François Bayrou : C'est inquiétant, mais il faut bien mesurer les choses. Les régionales de 1992 ont été un vote sanction, alors que le gouvernement Cresson était à bout de course et que le pouvoir mitterrandien accusait onze années. Les Français ont exprimé leur volonté de changement, avant le fameux coup de balai de 1993. La motivation était très forte, ce n'est pas le cas cette fois-ci : l'événement de juin 1997 pèse lourd ; neuf mois après, les électeurs n'avaient pas de raisons de le démentir ; ni d'ailleurs de le confirmer, comme le montre le recul de la gauche.

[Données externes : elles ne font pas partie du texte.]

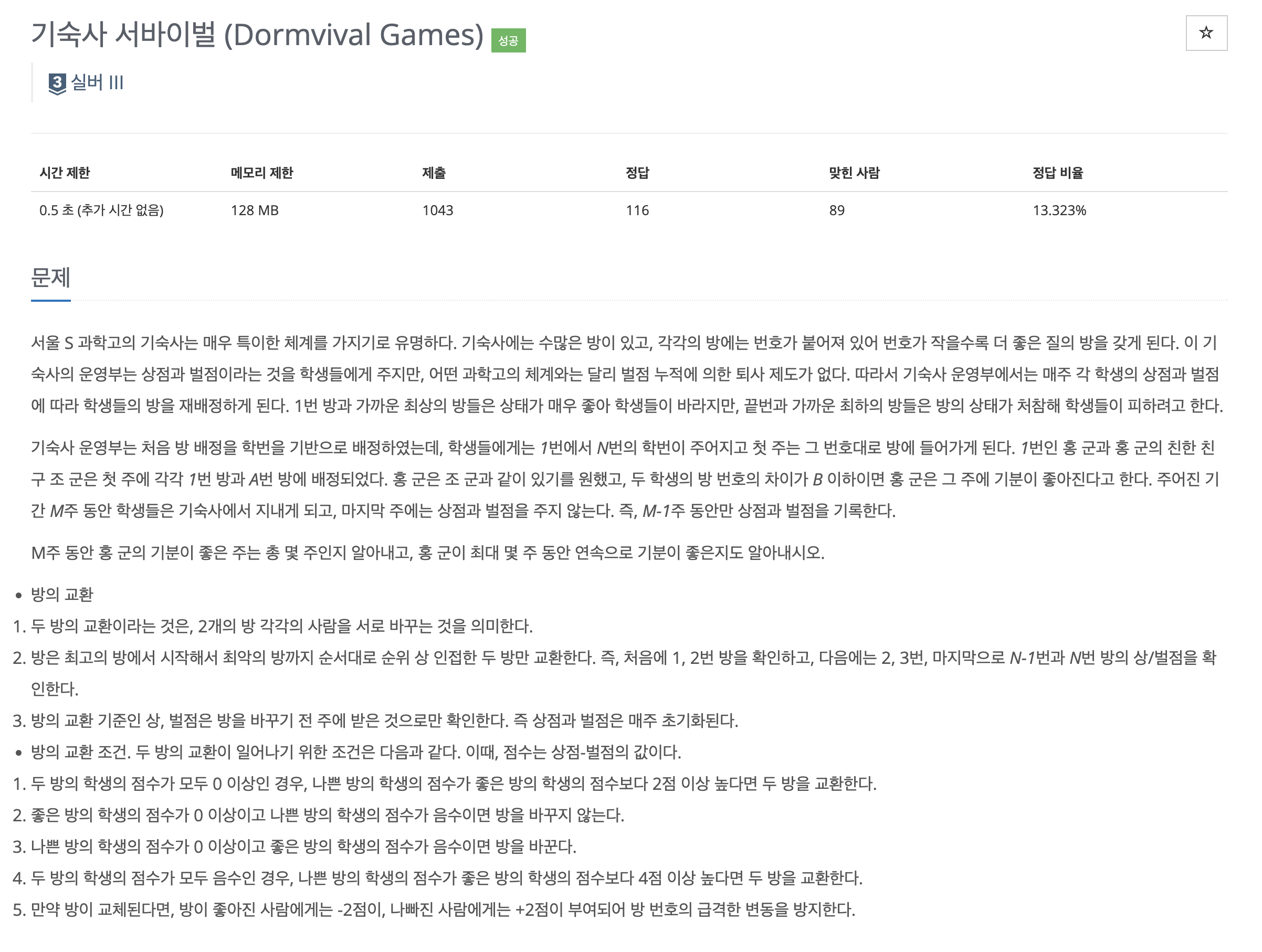 서울 S 과학고의 기숙사는 매우 특이한 체계를 가지기로 유명하다. 기숙사에는 수많은 방이 있고, 각각의 방에는 번호가 붙어져 있어 번호가 작을수록 더 좋은 질의 방을 갖게 된다. 이 기숙사의 운영부는 상점과 벌점이라는 것을 학생들에게 주지만, 어떤 과학고의 체계와는 달리 벌점 누적에 의한 퇴사 제도가 없다. 따라서 기숙사 운영부에서는 매주 각 학생의 상점과 벌점에 따라 학생들의 방을 재배정하게 된다. 1번 방과 가까운 최상의 방들은 상태가 매우 좋아 학생들이 바라지만, 끝번과 가까운 최하의 방들은 방의 상태가 처참해 학생들이 피하려고 한다.
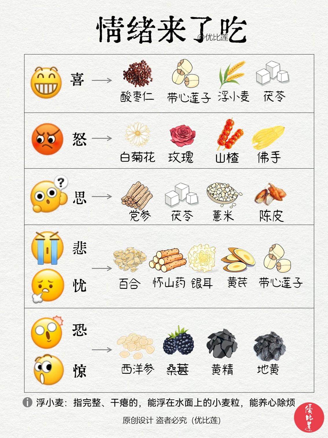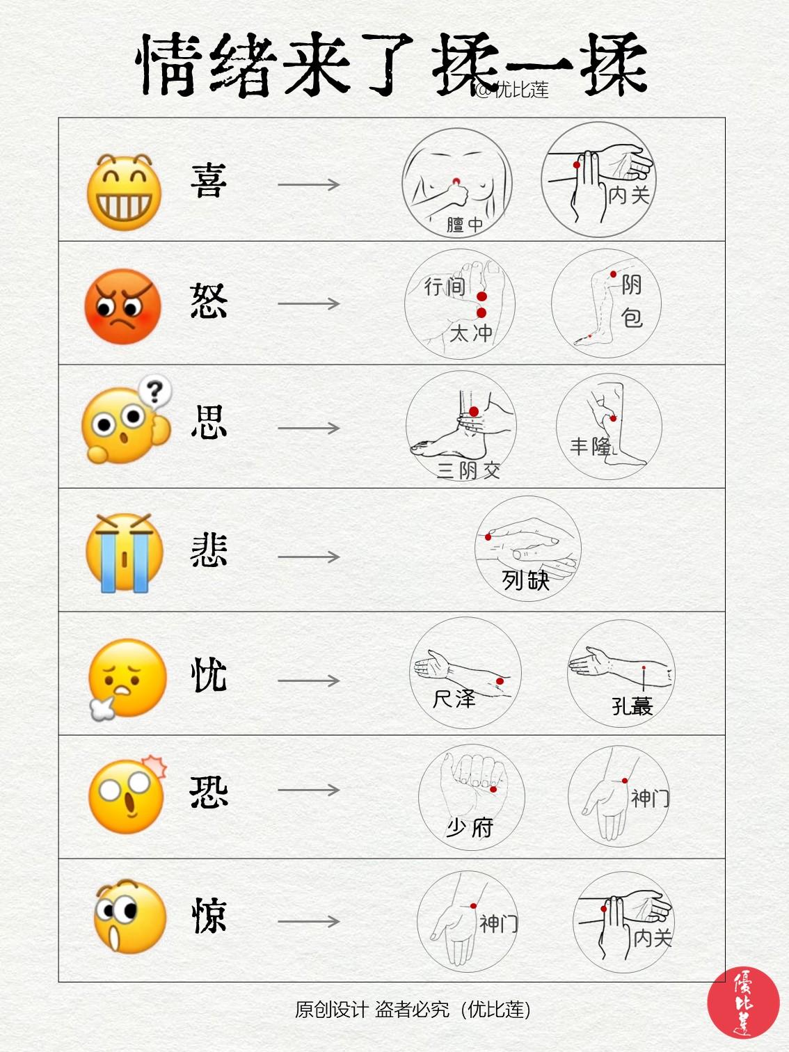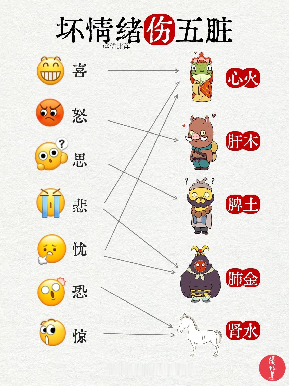 【坏情绪伤五脏,情绪崩溃一次,五脏伤一次~】 怒伤肝:肝主怒,怒则气上,使肝气上逆。发怒容易导致头~痛、血压飙升,如怒发冲冠 喜伤心:心主喜,喜则气缓, 使心气涣散。过于高兴易伤心神,容易出现失眠、心慌,心神不宁, “范进中举”就是个典型 思伤脾:脾主运化,思则气结,影响脾胃运化,容易出现没胃口、消化不好、胃不舒服等 忧悲伤肺(及心):悲则气消,过度消耗肺气与心气,导致肺气虚弱,就像林妹妹似的 惊恐伤肾:恐则气下,惊则气乱。惊恐的时候,伤的是肾气,如心神不宁、“吓尿了” ,甚至失~禁 大禹治水,疏则通,堵则溃~ 情绪也是如此,宜导宜缓,忌强行压制,请温柔对待自己心中的每一道波澜~ 情绪 怎样调整好自己的情绪和心态
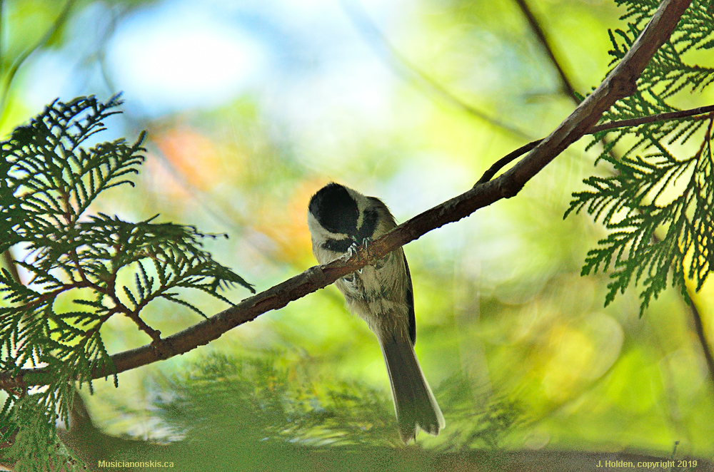 Chickadee in the cedars
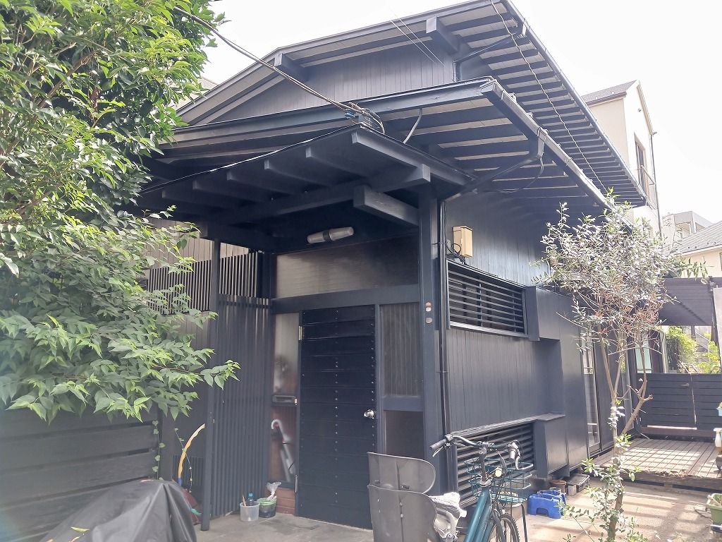 軒天井はホワイト、壁は濃い色のミッドナイトグレーのツートーンで綺麗に仕上がりました。
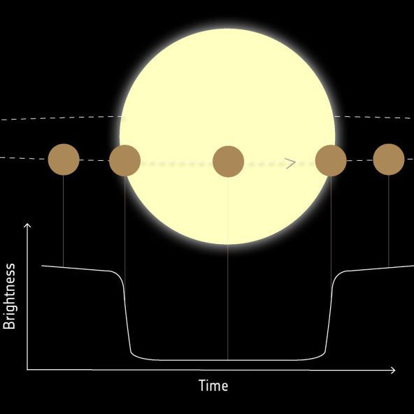 Первые обнаружения с использованием транзитной фотометрии были сделаны в 1999 году. Транзитные экзопланеты обнаруживаются, когда они проходят перед звездой-хозяином, вызывая падение света звезды, если смотреть с точки зрения наблюдателя. Транзит повторяется с временным интервалом, зависящим от времени, которое требуется экзопланете, чтобы облететь ее звезду. Например, наблюдателю нашей Солнечной системы придется подождать год, чтобы увидеть повторение прохождения Земли через Солнце.
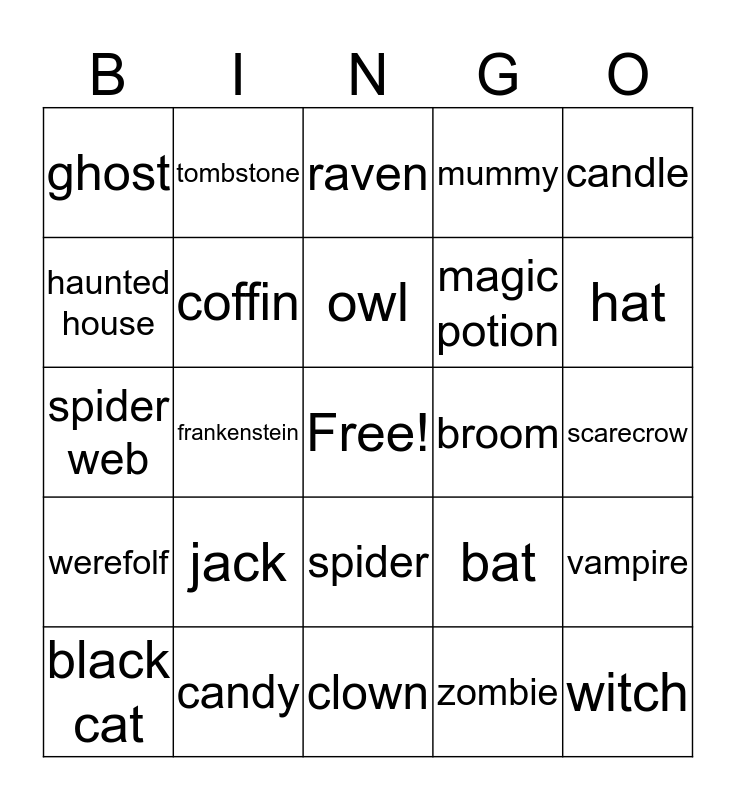 This bingo card has a free space and 24 words: jack, candy, owl, black cat, candle, ghost, haunted house, tombstone, broom, spider, magic potion, spider web, bat, vampire, coffin, zombie, scarecrow, raven, hat, frankenstein, witch, werefolf, mummy and clown.
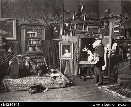 Caption: French painter Jean-Jacques Henner in his studio located 11 rue Pigalle in the 9th arrondissement in Paris.. On the easel, the artist is finishing 'Solitude', which is now located at the musée Jean-Jacques Henner in Paris.. c.1885. Albumen print. Jean-Jacques Henner (1829-1905)
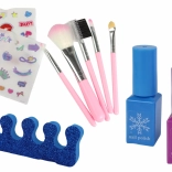 Dla łatwej aplikacji dodano praktyczny zestaw narzędzi: 3 różowe pędzle, aplikator i szczoteczkę do brwi. Zawiera również niezbędne elementy do zdobienia paznokci: niebieski brokatowy separator palców, pilnik i 3D naklejki na unikalny design.
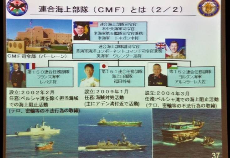 CTF151司令官として、アメリカ、イギリス、フランス、オーストラリア、トルコ等からなる多国籍部隊を率いてソマリア沖、アデン湾における海賊対処任務を完遂し、帰国されたばかりの福田海将補(大阪出身)に、そのホットな話題を語っていただきました。 海励会からも13名が参加。
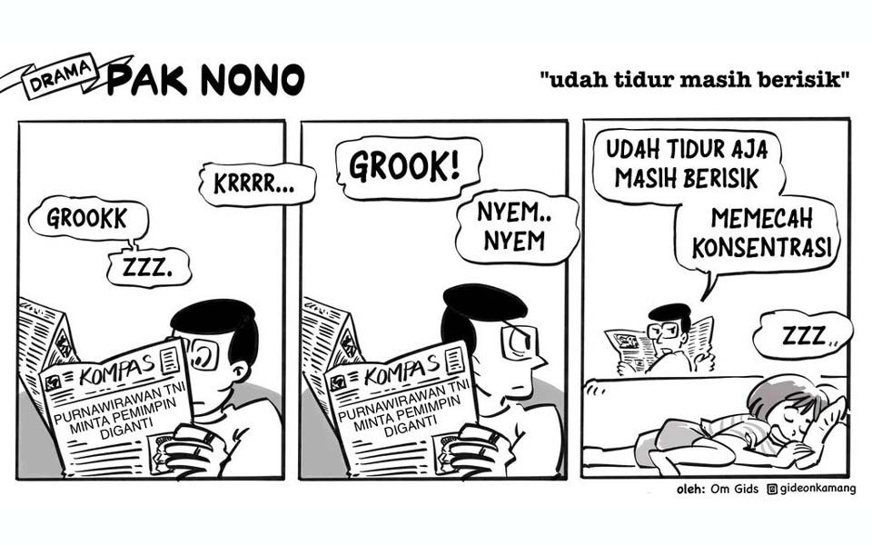 Poki: ZZZ (newspaper reads "Retired TNI officers call for leader to be replaced").
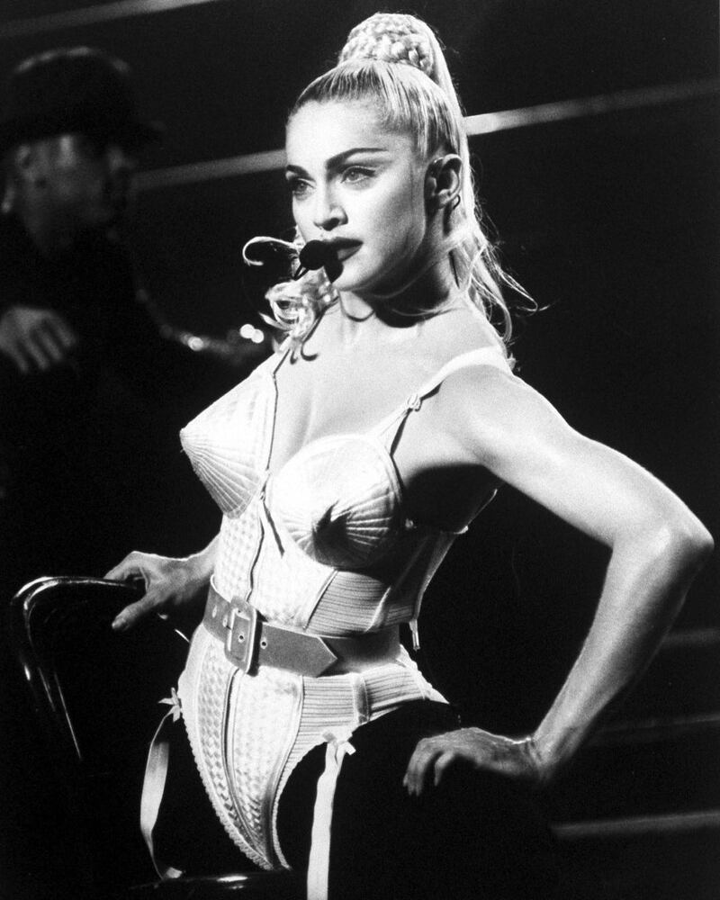 Este par de accesorios recuerda al famoso corsé cónico Gaultier que Madonna usó durante la gira Blond Ambition World Tour de 1990 que tanto llamó la atención en su momento y que actualmente es un ícono clásico de la moda. Y si bien la versión conocida es la de color plateado, la cantante también llegó a lucir una en tonos dorados como en el caso del accesorio de Paulina Vega.
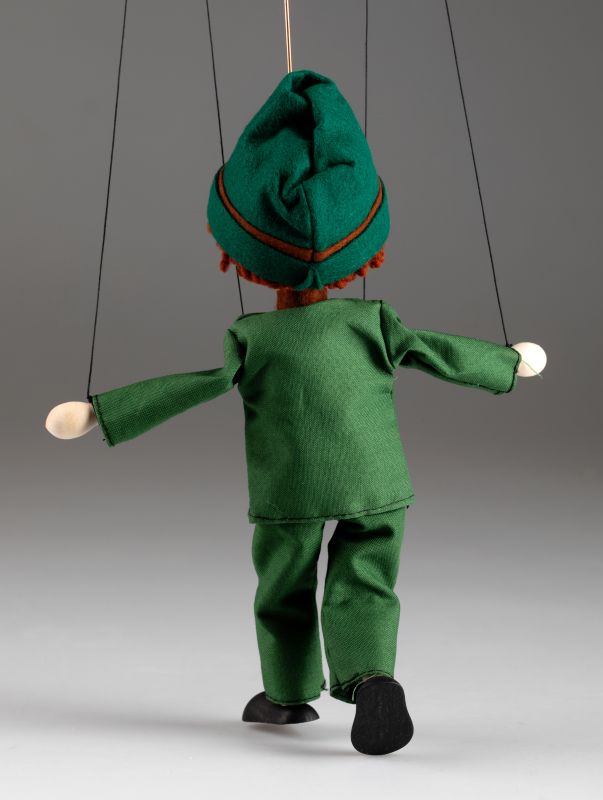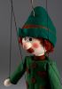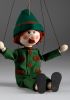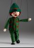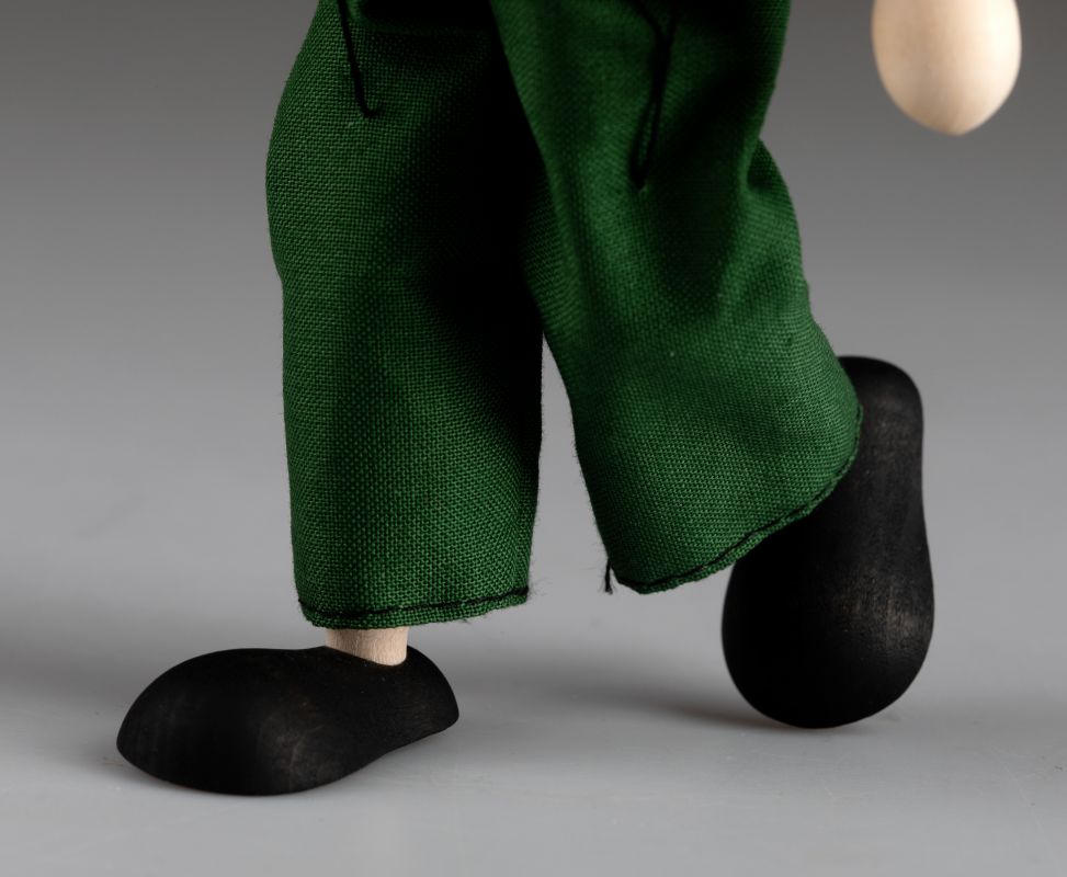 Diese Holzmarionette ist in ein niedliches grünes Outfit gekleidet und kann Bewegungen wie Gehen, Sitzen oder das Bewegen der Arme ausführen. Es ist eine einfache, robuste Schnurmarionette, ideal für Sammleranfänger oder Kinder, die die fantastische Welt der Marionettenpuppen erkunden möchten.
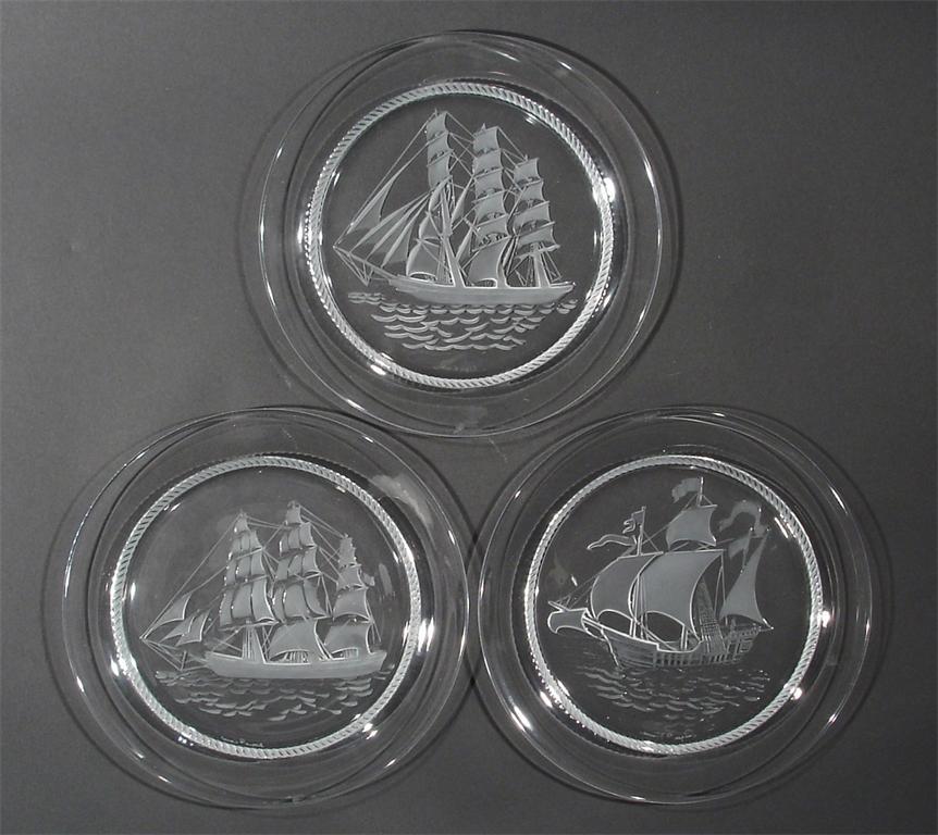 Three Modern Lalique clear and frosted glass plates each decorated with a ship at full sail...

Edj : Si l'on ajoute à l'abstention la montée du vote extrémiste, c'est tout le système de représentation qui semble en crise.
F.B. : Le vote aux extrêmes répond à une loi qui se vérifie aussi bien à droite qu'à gauche. Plus, on essaie d'enfermer l'électeur, plus il s'échappe. Nous sommes dans une société de l'affirmation des différences, où chacun recherche son propre modèle de vie. Si l'on présente un moule unique aux citoyens, cela produit de l'extrémisme ou de la marginalité. Chez moi, dans les Pyrénées-Atlantiques, le vote chasseur dépasse les 10 %. Il y a aussi l'écologie ultra-indépendante, les listes dissidentes. Et donc, maintenant, l’extrême gauche. Ce qui s'est passé à gauche est un cas d’école : la disparition du Parti communiste comme force indépendante a fait surgir Lutte ouvrière à un très haut niveau. Il s'est passé la même chose à droite il y a bientôt quinze ans avec l'apparition du FN. Certes, François Mitterrand a craqué l'allumette et soufflé sur le feu, mais si aux européennes de 1984 nous n'avions pas fait liste unique, il n'aurait pas eu le même succès.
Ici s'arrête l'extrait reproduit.